# Find all singularities of $\sin(1/\cos(1/z))$ and determine their type

I have the folowing problem at hand:

Find all singularities of $$\sin\left(\frac{1}{\cos\left(\frac{1}{z}\right)}\right)$$ and determine their type.

Now I believe the set of singularities are $$\left\{ \frac{\pi}{2} + n \pi \colon n \in \mathbb{Z} \right\}$$. But I find it hard to figure out what type they are from removable, poles, essential or not isolated at all. Can anyone help me?

• Welcome to MSE! A general remark that is helpful in your case is the following: If $f:\mathbb C\to \mathbb C$ is holomorphic and not a polynomial (this is oftentimes called a transcendental function), and $g$ is holomorphic with a singular point $z_0$ that is not removable, then $f\circ g$ has in $z_0$ an essential singularity.
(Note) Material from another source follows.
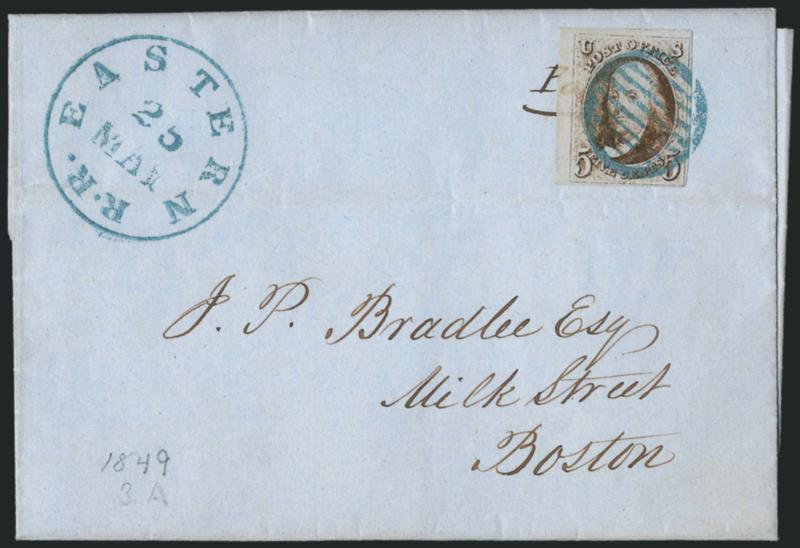 1350 c Image5c Brown (1). Rich color, huge margins left and top, just clear other sides, tied by bold blue circular grid with perfect matching strike of "Eastern R.R. 25 Mar." route agent's circular datestamp on blue folded letter to Boston, ms. "Paid" underneath the stamp, letter datelined "Portsmouth, May 25/49", fresh and Extremely Fine 1847 railroad use, with 1973 P.F. certificate (Image)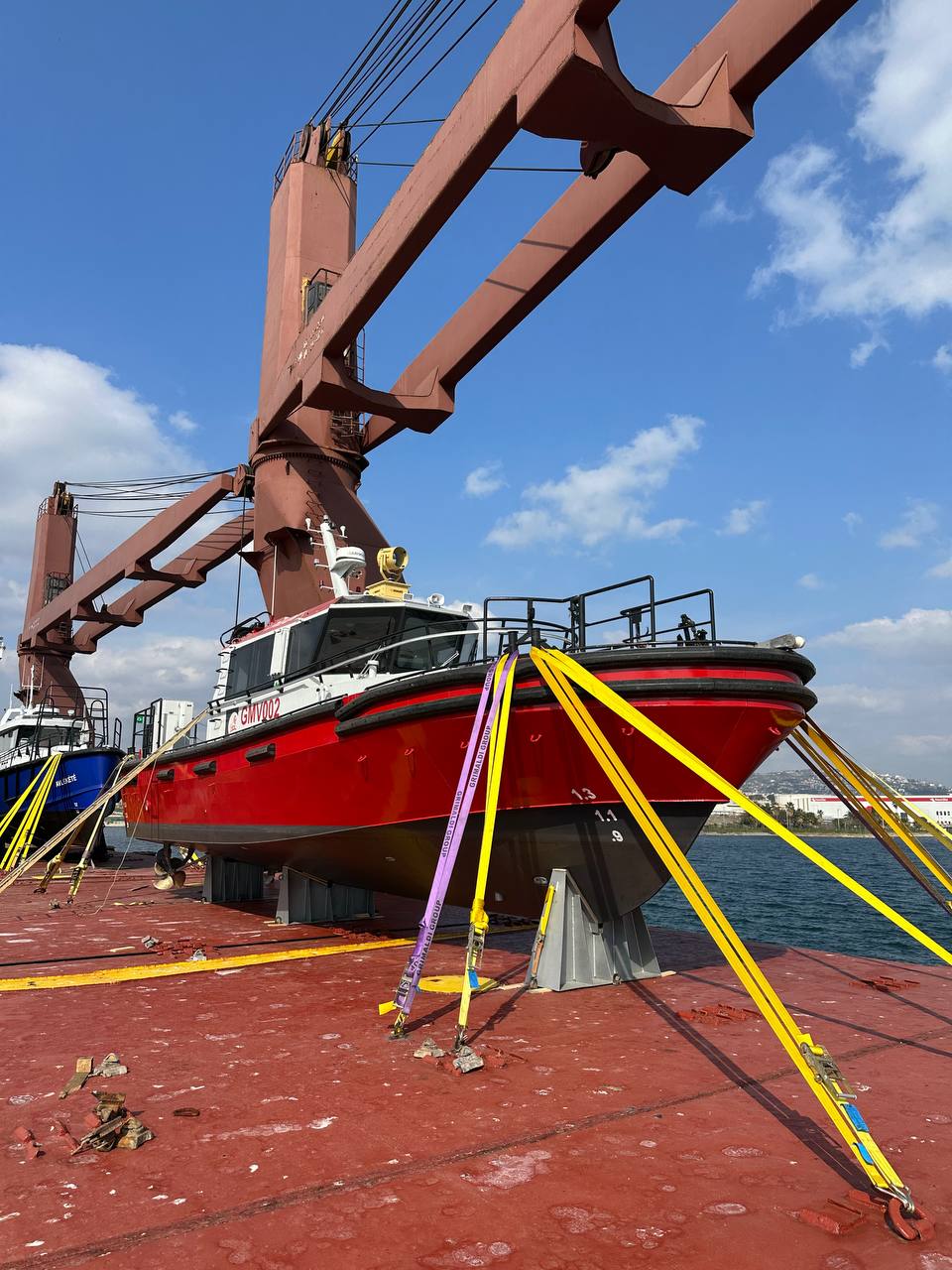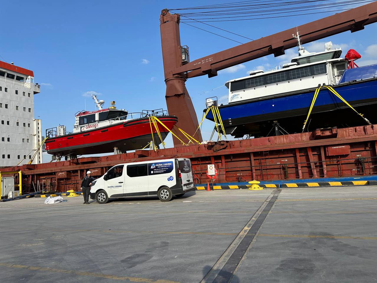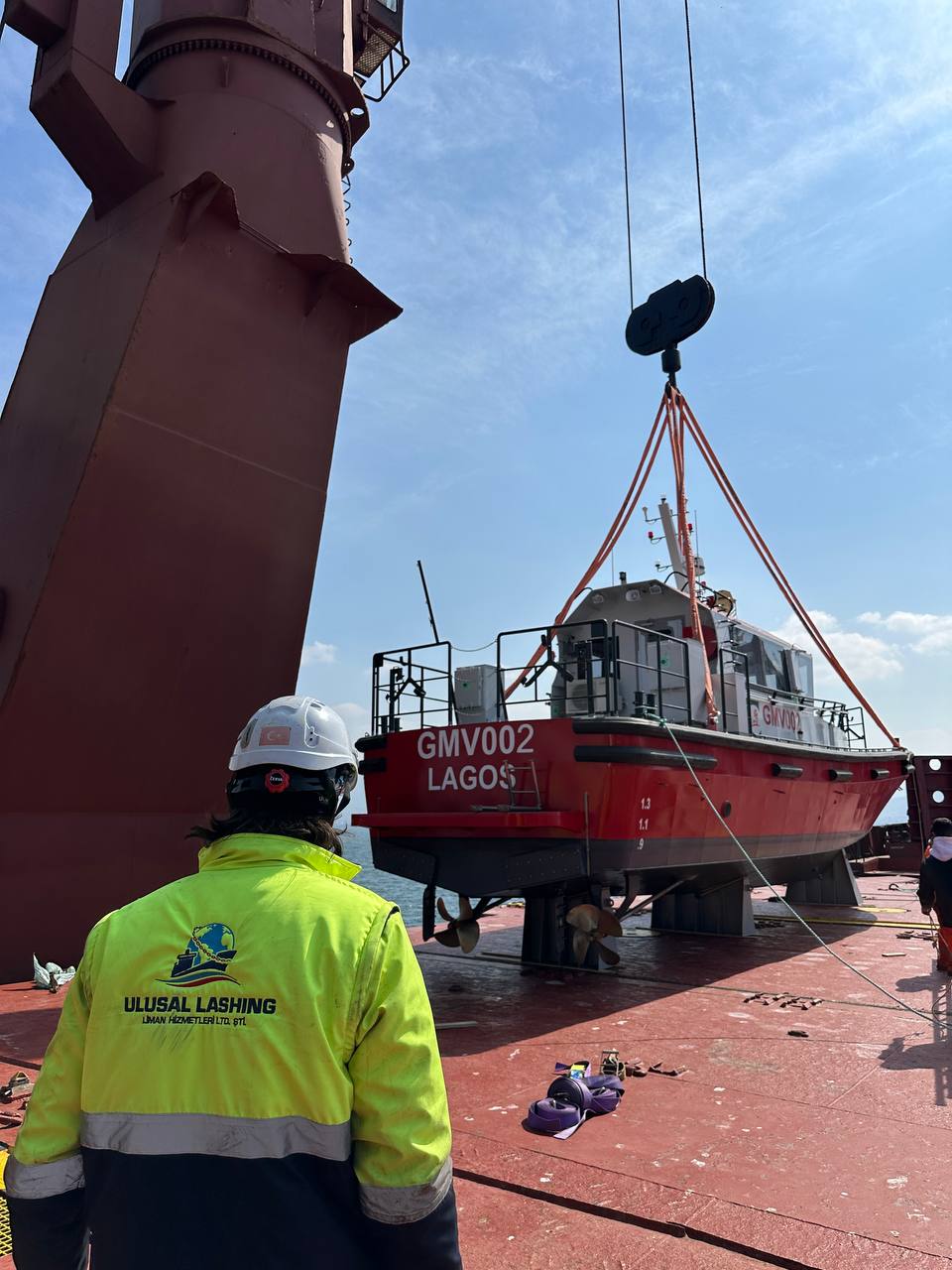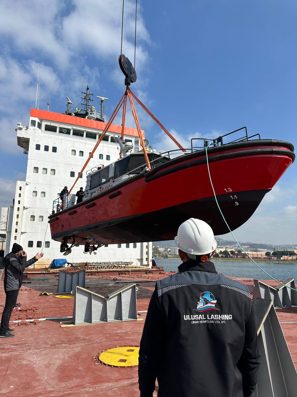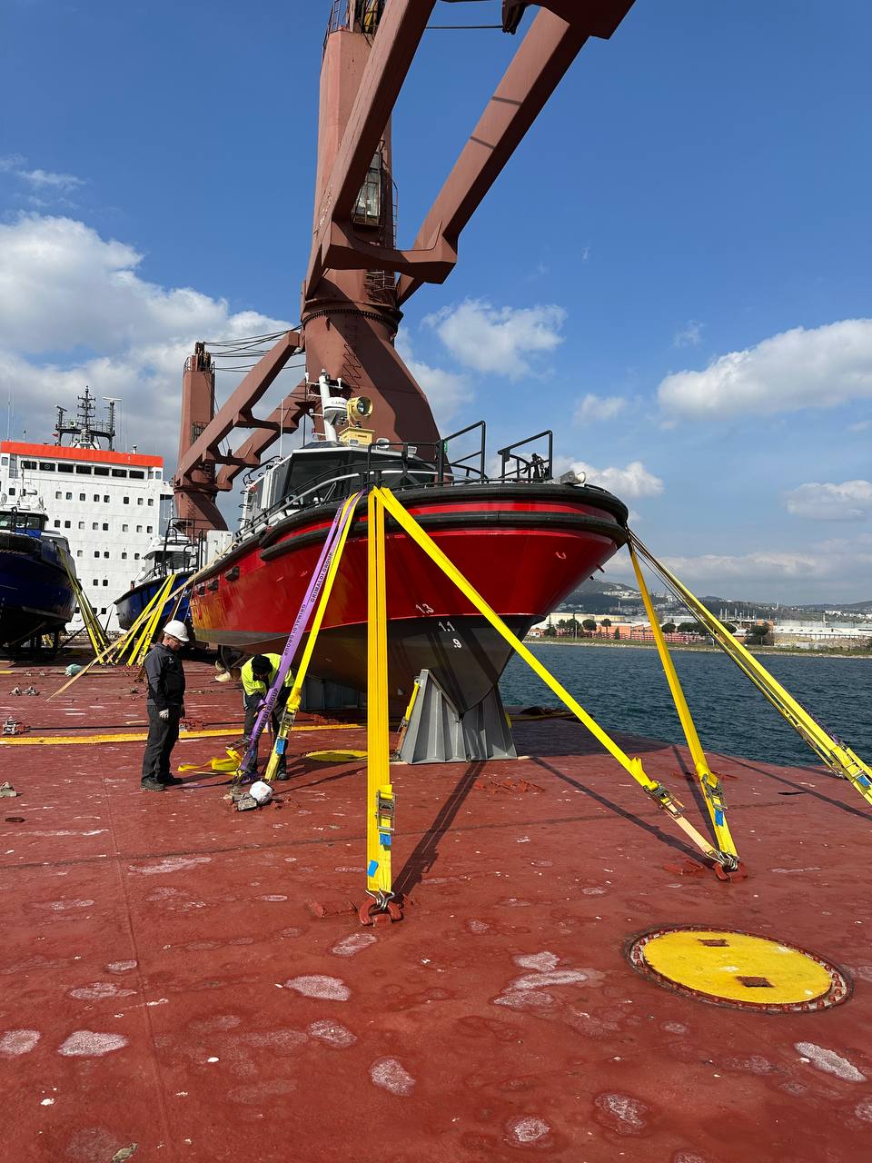 6 Mart 2026 tarihinde 67 tonluk tekne ve 49 tonluk yardımcı parçanın güvenli sevkiyat için lashing operasyonu.

So you can reduce yourself to studying the singularities of $\cos(1/z)$. Commented Mar 30, 2020 at 11:00

Singularities are the points $$z$$ such that $$\cos (1/z)=0,$$ which occurs when $$1/z=\pi/2+n\pi$$ so that you can write the values of $$z$$ now, where $$n$$ is any integer.
Second part: We have Tylor series expansion for $$\sec z$$ by which we can get the Laurent series expansion for $$1/\cos (1/z)$$ with infinitely many terms with negative powers of $$z$$. It is very well explained over here Singularities of ${1}/{\cos(\frac{1}{z})}$
Therefore Sine function after composition has Laurent series expansion at $$z=0$$ with infinitely many terms having negative powers of $$z.$$ Hence the singularities are of essential type.